Tolstoy is like that.  He is an intensely detailed author who loves to tell you everything about the characters & the back drop right down to the design of the shoe buckles and the texture of the wall paper.  I sometimes find it boring but the truth is one could not ask for a more detailed explination of life in Tsarist Russia, how the social caste system worked, how they dressed, how they interacted, etc...

Garcin:
Oerdin: Funny thing is that Tolstoy was (historically) very heavily criticized among historians for warping historical facts to fit the theory that he champions: that inevitable social forces and not great men shape history.  Most famously, he gave a very revisionist portrayal of the Russian general Kutuzov.
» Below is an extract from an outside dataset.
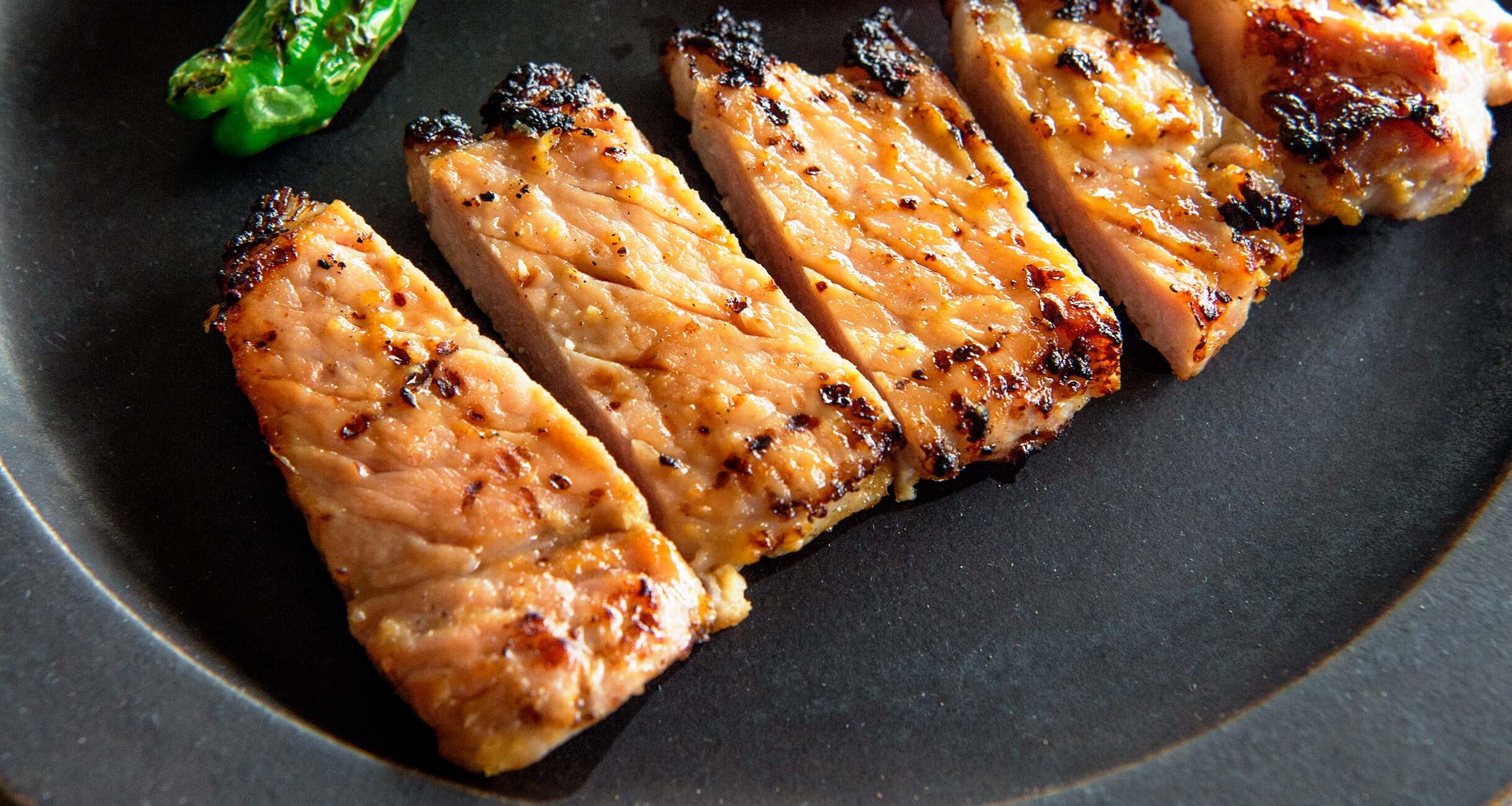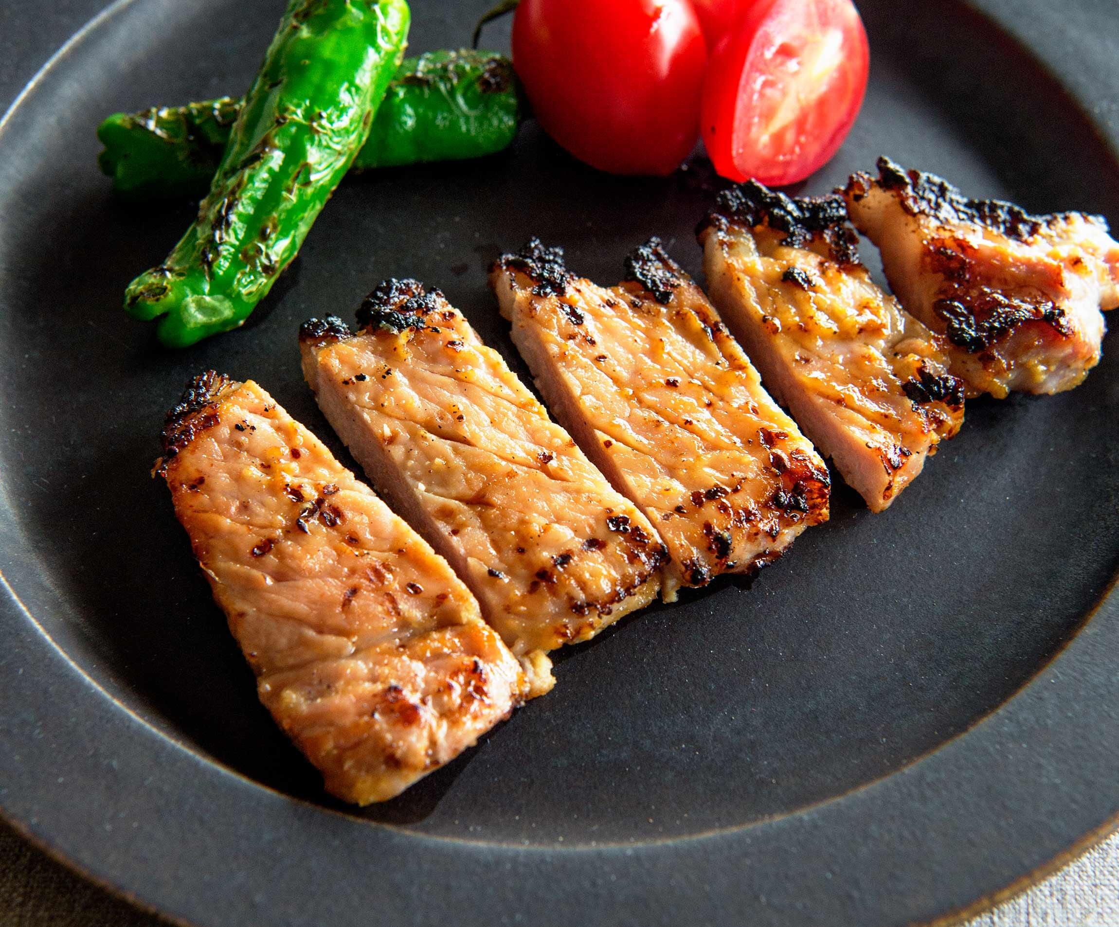 豚肉を冷蔵庫から出して、室温にもどし、味噌をゴムベラなどで取り除く。熱したグリルに並べてししとうをまわりに置き、12分ほど焼く。ししとうは途中で取り出す。

Khar: I'm fond of Eco, but I can't say that I'm a fan.  Name of the Rose (which I think was his first novel!) was of course incredible.  But Foucault's Pendulum, I thought, was unforgivably baroque with an ending that, as ironic as it might have been, was completely unfulfilling.  Haven't read the most recent novels nor any of the short stories, I was so peeved.  But I will certainly seek out Granita, I'm intrigued.

Aphi: I remember, years ago, going through the Eddings phase, reading all four cycles (the Tamuli as it came out) and then the Belgarath & Polgara prequels.  The prequels were unforgivably bad cynical attempts to cash in, and I don't think there's any debate about that.  As for Tamuli/Elenium vs. Belgariad/Malloreon -- weren't they all pretty much the same?  I mean . . . same plot (large group of heroes have to chase something or someone dies/the earth is destroyed).  Same characters (the funny one (Kalten/Silk), the silent & sturdy (Durnik/Kurik); the mother figure (Polgara/Sephrenia) . . . etc.  Same godlike powers given to half the party.  As into it as I was, in retrospect, the whole series seems like a well-edited fanfic of a better series.

I'm not going to say that Harry Potter is psychologically complex -- but at least there's some uncertainty about what's going to happen.  Whereas at the end of the Tamuli you had Sparhawk (god), his daughter Aphrael (god), his animated stone Bhellium (super-god), the Shining Ones (extraordinarily powerful, good friends with a god), Sarabian (emperor) . . . .  How many advantages does this guy need?  And the ending -- through the god-stone into the mouth of the angry monster?

And it's not as if Belgariad/Mallareon was any better.  Ending to Mallereon was hinged on the Seeress picking good over incredible evil.  Was there anyone reading that thinking to themselves "Gee I hope she doesn't pick Zandramas because . . . you know . . . she might be into bitch demon-queens allied with hell . . ."  I mean, 30 incredibly cool characters with special abilities are neat, and I'm sure that Eddings could make a great FF style video game, but at a certain point don't you start craving -- I don't know -- themes, moral ambiguity, and maybe even a little uncertainty.  

Also . . . resurrecting Durnik??  And replacing Kurik with his son who was like him in every way?  Gimme a break.

Seriously, put that junk away and read 100 Years of Solitude.  It's full of fantasy, and awesome.

Sorry for the rant :).

--Moiche

elcapitan:

--- Quote from: Aphi ---If ever there was a good /character/ writer, it's David Eddings.
--- End quote ---


If ever there was a /wrong/ statement, that was it.

I'm sorry, but Eddings is a mediocre writer (characters or otherwise) when held against, gosh, most of the fantasy that has been published in the last twenty years. His worlds are oversimplistic and lacking any kind of believability, and his characters are wooden, one-dimensional, and cookie-cutter versions of each other to boot. (Zakath vs. the emperor in the Tamuli? Polgara vs. Sephrenia?) Eddings serves as a kind of Dick And Jane primer to real fantasy - he has his place, but that doesn't make him amazing.

If you want a REAL character writer in fantasy, you should read Assassin's Apprentice, by Robin Hobb. That, or A Game Of Thrones, by George R.R. Martin.